As a 12-year-old I gasped loudly when a man on a bicycle smacked my shoulder, whistled joyously and rode away feeling some sadistic sense of accomplishment. I just stood shocked, petrified, humiliated. A common reaction to any young girl’s first tryst with ‘eve-teasing’.
At 16 I chose ignorance when a group of boys in a car followed me from a nearby shop to my house. Mouthing smooches, winking, inviting me to get into the car. They left pleased with themselves once I took momentary refuge at a neighbour’s house because it was closer than mine. I felt upset and disturbed. Today, when I think about it, maybe I feel morbidly grateful they didn’t pull me into the car and drive off.
Post 18, mine and my friends’ frustrations grew worse. Our common grievance - why can’t we stay out beyond 8 pm in well-lit, crowded marketplaces? Aren’t we being raised a bit too overprotected? So I thought at the time.
Frustration and helplessness are powerful emotions. I’d say they are the reason I found my voice. In my twenties, when a man made inappropriate remarks under his breath standing next to me, I verbally attacked him like a hyena (of course, this mainly because I wasn’t standing in a lone area. Bravado shouldn’t negate good sense.)
It is frustration and helplessness through my years of adolescence, like those of many other women, which rose to the rim and overflowed in December 2012 in the aftermath of the gruesome Delhi gangrape. Rage, powerlessness, misery, depression - my friends and I experienced the same emotions. Should we cry? Cuss? Scream? Shout?
The sheer audacity and brutality of this heinous act left us feeling numb and enraged at the same time.
I went to the protest with a friend and her mother. Hell, I didn’t even feel safe going alone to a protest for women’s safety! This is our state of affairs. We walked from India Gate to Rashtrapati Bhavan, shouted slogans and were tear-gassed out of there soon enough.

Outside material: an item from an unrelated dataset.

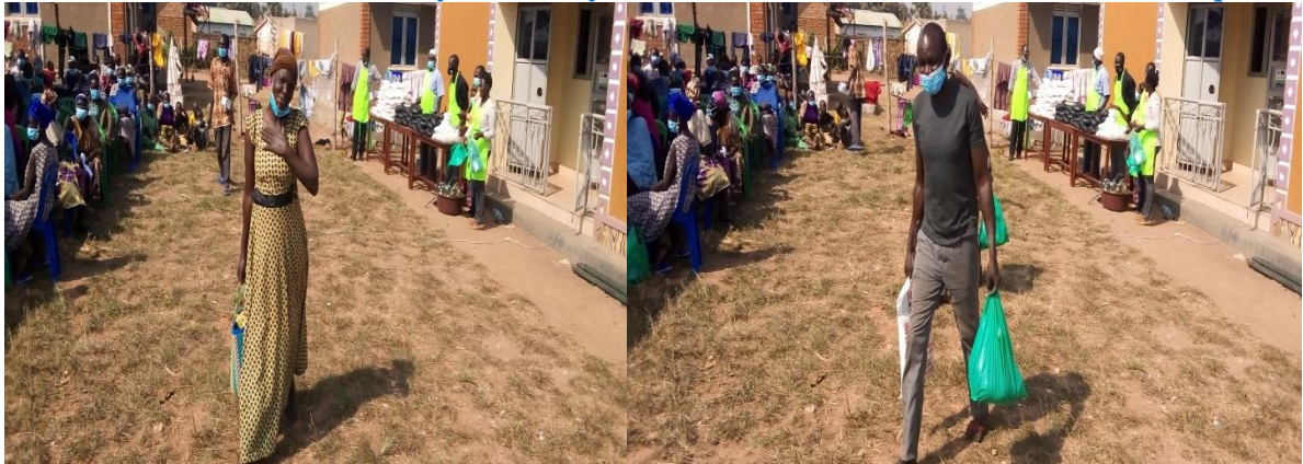
The photos above show an excitement of a widow and a widower while carrying food items

No, we didn’t come back feeling satisfied, pleased or content. We didn’t think ourselves to be great or noble for going. We came back feeling how we felt when we went there. The same. Numb and enraged.
Some of the reactions I got for going to the protest were: “Kya mil gaya jaake? All this naarebaazi is crap yaar. This was anarchy in the name of a protest. Oh wow! Like it would’ve made a difference had you not gone?”
If that’s the case, why did you dance your hearts out on the streets when India won the cricket World Cup? Kya mil gaya jaake? United in joy, divided in grief? What difference would it have made had you not gone to scream in joy standing atop your cars. Oh, and anarchy then, anyone?
Another gem I came across was a forwarded message professing that Mumbai loves its women more because ‘it’s a city that never sleeps’ and so is always watching. So ner-ner Delhi! Much as I’m envious of Mumbai’s dreamlike safety for women, does the city then snooze during terror attacks? Every city in the world has its pros and cons. So, really? Was this a time to indulge into this state-divide propaganda? To which a morbid ignorant reaction I came across was “Yes, well that’s true. You may not get raped in Mumbai but you might die in a blast.”
I was sitting with four women from Mumbai when I received the text on Mumbai gloating about its safety for women over Delhi’s and let me assure you they were way more irritated than I was. We don’t want to feel safe ONLY in Mumbai, or not die of blasts ONLY in Delhi. We’d like a healthy order of both, please!
Meanwhile, the reaction that really got to me was: “We’re not Taliban. We’re a democracy. The punishment can’t change to chemical castration and capital punishment will ensure a lower conviction rate. And with the protest which was more of a mess, what exactly did you even hope to achieve by going when you don’t even know what you’re asking for?”
I may not have all the answers and solutions but I know what I achieved. I was a part of India’s biggest protest – to end sexual terrorism. And for those who came out at the time voicing a common anger, we knew we were asking for our rights, for a change. And, undeniably, an impact was made. Its ripples can be seen and felt.
I know what I want. Hell, I can even go out on a limb here and say I’m pretty sure I know what most women and MEN want at this time. I want justice for her. I want them to be punished severely. I want others to fear the law and not think they can get away with it. I don’t just want to feel safe in the confinement of my home. I don’t want to go to work in the morning hoping I return home un-raped.